Выбравшись снова на пустынную Сретенку, я почувствовал себя еще более несчастным, чем раньше, и, раздобыв монетки, бросился к автомату – искать, кто спасет меня на ночь от одиночества. Ночью бывало хуже всего. Днем я еще находил занятия в пустынной квартирке на Коломенском, куда пустил меня приятель, уехавший на работу в Америку. Днем я что-то писал, что-то переводил, кому-то звонил, с трудом изыскивая время, чтобы сбегать за покупками в соседний продмаг. Конечно, окраинные продмаги на пятьдесят пятом году непрестанного выполнения «Продовольственной программы» не радовали глаз. Однако я не был избалован и предшествующими успехами партии, так что молоко, черный хлеб и плавленые сырки «Дружба» вполне соответствовали моему вкусу, а всем сортам чайно-кофейных изделий я предпочитал желудевый кофе «Здоровье», которого мне нынче так недостает в парижской торговой пустыне. Так вот, в один из умеренно прохладных февральских дней я набивал всем этим добром свою авоську, когда кто-то мягко тронул меня за рукав. Обернувшись, я увидел смутно знакомое, милое и усталое лицо молодой женщины. Обычно мне хватает минут пяти ничего не значащей, неторопливой беседы или радостных приветственных восклицаний, чтобы вспомнить, с кем я, собственно, разговариваю, но тут я вспомнил даже раньше: это с ней и ее мужем я познакомился на приеме, а его я даже посетил позднее в его новой мастерской близ Сретенки. Мы с ней двинулись, разговаривая, в сторону моего дома – как оказалось, и их тоже. Когда мы добрались до первой блочной пятиэтажки, она даже затянула меня в их вполне убогую квартирку, чтобы познакомить с двумя премилыми длинноносыми дочурками и завершить нашу вполне необязательную беседу: кстати, она тоже оказалась художницей.

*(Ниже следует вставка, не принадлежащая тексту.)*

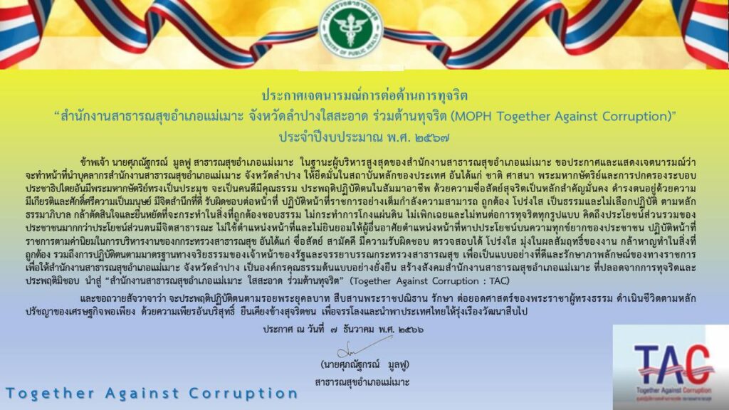 Posted on 12/12/2023Posted in ข่าวประชาสัมพันธ์ ประกาศเจตนารมณ์การต่อต้านการทุจริต “สำนักงานสาธารณสุขอำเภอแม่เมาะ จังหวัดลำปางใสสะอาด ร่วมต้านทุจริต (MOPH Together Against Corruption)” ประจำปีงบประมาณ พ.ศ. ๒๕๖๗ แนะแนวเรื่อง สำนักงานสาธารณสุขอำเภอแม่เมาะ งดการให้และรับของขวัญและของกำนัลทุกชนิดจากการปฏิบัติหน้าที่ (No Gift Policy)ประกาศเจตนารมณ์ การป้องกันและแก้ไขปัญหาการแสวงหาประโยชน์ทางเพศ การคุกคามทางเพศ และการคุกคามทางเพศในการทำงาน ประจำปีงบประมาณ พ.ศ. ๒๕๖๗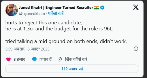 ان کے مطابق وہ ایک معروف مگر نامعلوم کمپنی میں ہیڈ آف انجینئرنگ کے عہدے کے لیے بھرتی کر رہے تھے۔ کمپنی ایسے امیدوار کی تلاش میں تھی جس کے پاس کم از کم 17 سال کا تجربہ ہو۔ لیکن جب امیدوار کو 96 لاکھ روپے سالانہ کا آفر دیا گیا تو اس نے صاف انکار کرتے ہوئے کہا کہ اسے 1.3 کروڑ روپے کی فکس تنخواہ قبول ہوگی۔

Дома было все же теплей, чем на улице, однако я заметил вскоре, что теперь уже не только мысли об оставленной на столе рукописи и о незанятом нынешнем вечере меня тревожат, но и что-то еще постороннее. Я резко обернулся и понял, в чем дело. Девчушки (им было приблизительно шесть и восемь лет) молча и неотрывно глядели на содержимое моей сумки. Я поднял глаза на мать, и она кивнула с серьезностью.
– Да, – сказала она, – они смотрят на твою сумку, потому что они голодны. Нам вообще очень трудно живется сейчас. У меня нет денег на еду. Мы влезли в долги. Мастерская поглотила все. Она стоила нам дорого. Но это было необходимо сделать. Вот теперь он сможет доказать всему миру то, что я одна знала. Доказать, что жертвы были не напрасны. Ему есть что сказать миру… Я не знаю, понимаешь ли ты живопись…
Я заметил, что она волнуется, и энергично закивал, не отрываясь, впрочем, от своего богоугодного занятия: я честно делил пополам скудный продмаговский улов – буханку черняшки, сырки «Дружба», пакеты молока и бутылки кефира, кусковое повидло, банки бычков в томате…
– Продолжай, я слушаю, – сказал я, с удовольствием наблюдая, как девчушки принялись за еду, прямо у стола, стоя.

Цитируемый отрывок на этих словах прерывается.